Davalı tanıklarından …; işyerinde 3 vardiya çalışıldığını, restaurant bölümünde 08.00-16.00, 16.00-24.00, 24.00-08.00 saatlar arası 3 vardiya uygulandığını, yazları 3 hafta Avusturya’dan öğrenci grupları geldiğini, bu dönemde barmenlerin işlerinin yoğunluğunun zamanının değiştiğini, bu sebeple vardiyaların saatinin değiştiğini, akşam çalışan personel sayısı artırıldığını ancak yine çalışanların sadece 8 saat çalıştığını, vardiyanın birisinin akşam saatlerine kaydırıldığını beyan etmişlerdir.

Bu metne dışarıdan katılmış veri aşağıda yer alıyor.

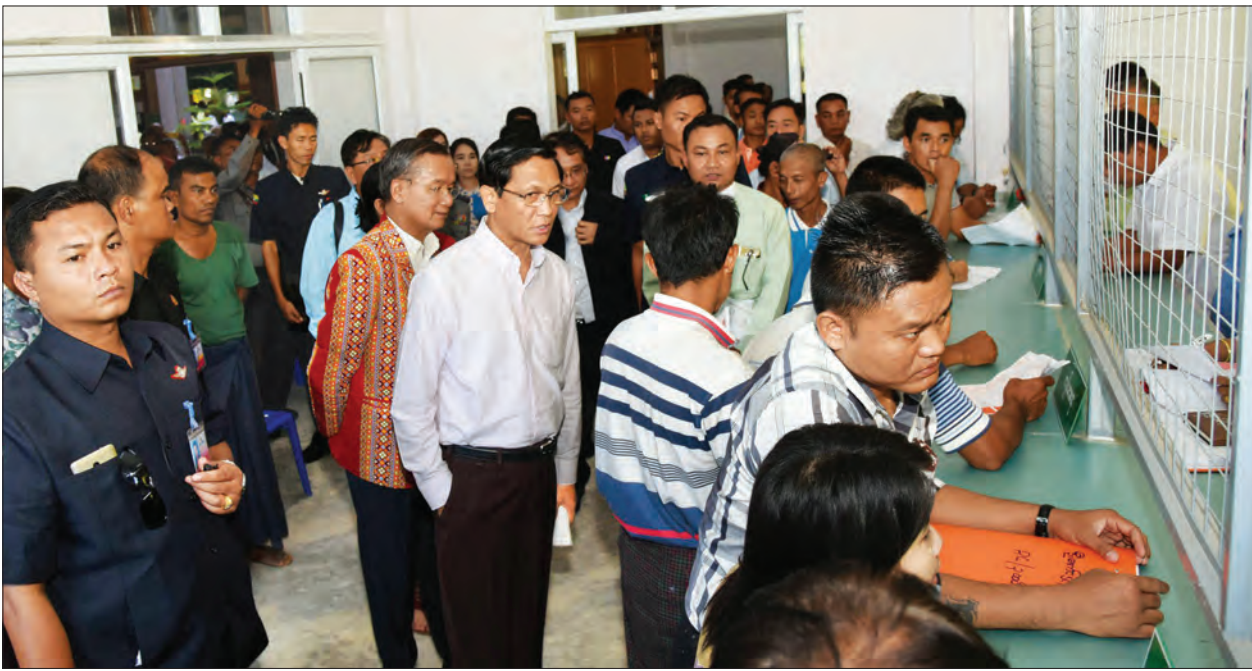
ဒုတိယသမ္မတ ဦးတင်နရီဝန်ထီးယူ ထားဝယ်မြို့၊ ပြည်သူ့ဝန်ဆောင်မှုရုံး၌ ပြည်သူ့ဝန်ဆောင်မှုလုပ်ငန်းများ လုပ်ဆောင်နေမှုကို ကြည့်ရှုအားပေးစဉ်။ သတင်းစဉ်

မွန်းလွဲပိုင်းတွင် ဒုတိယသမ္မတနှင့်အဖွဲ့အား ထားဝယ်ဟိုတယ်၌ တနင်္သာရီ

Mahkemece davacıya ve tanıklarına itibarla davacının komi olarak çalıştığı dönemde haftada 6 günü sabah 08.00 akşam 22.00 saatleri arasında 1,5 ara dinlenmesi yaparak haftada 75 saat çalıştığı, 30 saat fazla mesai yaptığıı, barmen olarak çalıştığı dönemde haftada 6 gün sabah 08.00 aksam 19.00 saatleri arasında 1,5 saat ara dinlenmesiyle günde 9,5 saat haftada 57 saat çalışıp 12 saat fazla mesai yaptığını, 2012 yılı 15 Haziran- 6 Temmuz tarihleri arasında 18.00-06.00 saatleri arasında günde 10,5 saat haftada 63 saat çalışılıp 18 saat fazla mesai yapıldığını kabul edilmiştir.
Dosyada davacının … Çalışma ve İş Kurumu Müdürlüğünün 27.09.2012 tarihli müfettiş incelemesi sırasında alınan 19.09.2012 tarihli ifadesinde 2 sezondur davalı işyerinde çalıştığını , bar bölümünde 08.00-18.00 ve 18.00-01.00 saatleri arasında 2 vardiyalı ve günde 10 saat çalıştığını beyan ettiği görülmekle davacının bu beyanının kendisi açısından bağlayıcı olduğu anlaşılmakla davacının 19.09.2012 tarihli bu ifade tutanağı da göz önüne alınarak ve davacının talebiyle bağlı kalınarak hesaplama yapılması gerekirken yazılı şekilde hüküm kurulması hatalı olup bozma nedenidir.
Ayrıca davacıya ait bordrolarda fazla mesai tahakkuklarının bulunduğu anlaşılmakla davacının maaş hesabının bulunduğu bankadan maaş ödeme kayıtları getirtilerek bordrolarla maaş ödeme kayıtlarının karşılaştırılarak bordrolarda görünen fazla mesai tahakkuklarının yapılıp yapılmadığı tespit edilerek ve varsa fazla mesai tahakkuku yapılan dönemleri dışlayarak davacının fazla mesai alacağının belirlenmesi gerekirken eksik incelemeyle yazılı şekilde hüküm kurulması da hatalıdır.
SONUÇ: Yukarıda açıklanan nedenlerle temyiz olunan kararın BOZULMASINA, aşağıda yazılı temyiz harcının davacıya yükletilmesine, peşin alınan temyiz harcının istek halinde davalıya iadesine, 15.09.2015 tarihinde oybirliğiyle karar verildi.